The drop box for paper reviews is https://catalyst.uw.edu/collectit/dropbox/summary/pkoutris/21136

Week of
Paper(s)
Questions to Address
March 26
Optional: Query Language Primer
Optional: Finite Model Theory (Ch. 1 and 2)
April 2 Required: Answering queries using views

Sections 1, 2, 3 only.

  • What are some key applications?
  • What is the difference between an equivalent rewriting and a maximally contained rewriting?
  • What is the difference between query answering and query rewriting?
Optional: Optimizing queries using materialized views
Required: What goes around comes around
Sections 1, 2, 3, 4, 8, 9, 10, 11 (in other words, skip 5-7)
April 9 Required: The Anatomy of a Database System

Sections 1, 2, 3, 4 only

  • What are the advantages/disadvantages of using a thread v.s. a process per connection?
  • What are the three kinds of parallel database architectures? what are their pros/cons?
  • Why do database systems use a different buffer pool from that of the OS?
  • What is the iterator model for query execution?
Required: Join processing in database systems with large main memories

Sections 1,2 only

  • What is the "fudge factor"?
  • The main memory hash-join algorithm (called classic hashing in the paper) stores one relation in main memory. What happens to the algorithm if the amount of main memory is smaller than the size of the relation?
  • What is grace-hash-join?
  • What is hybrid-hash-join?
April 18 Required: Consistently Estimating the Selectivity of Conjuncts of Predicates

Sections 1,2,3 only

  • What are the challenges in using multidimensional histograms in cardinality estimation (and plan cost estimation)?
  • Suppose we have one dimensional histograms on R.A, R.B, R.C, R.AB, and R.BC. How do current systems estimate the size of a query SELECT * FROM R where A='a' and B='b' and C='c'? Discuss separately DB2 and SQL Server.
  • How does the approach in the paper estimate the size of the query?
April 25 Required: MapReduce

Sections 1,2,3,4 only. To answer the questions below you may need to do Homework 2 first.

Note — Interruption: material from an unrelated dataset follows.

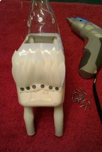 И «ляжки», и горло крепим саморезами к большой белой бутылке.

  • What is the difference between a map job and a map task?
  • How is the number of map tasks determined? How is the number of reduce tasks determined?
  • What are the pros/cons in choosing a large/small number of map tasks and reduce tasks?
  • A reduce task has three phases: copy, sort, and reduce. Which of these phases may be started while the map tasks are still running, and which phases cannot be started until all map tasks have completed?
April 30 Required: The Declarative Imperative

Sections 1,2,3 only

  • What is the urgency of parallelism?
  • How does the datalog approach to parallelism differ from other approaches?
  • What are the three types of rules in Dedalus? See Fig. 1.
Optional: Datalog with negation (Chapter 14)
May 7 Optional: book on Finite Model Theory (ps, pdf)
May 14  
May 21 Required: Provenance Semirings
Sections 1,2,3,4 only
May 28 Required: Private Data Analysis
Read the entire paper.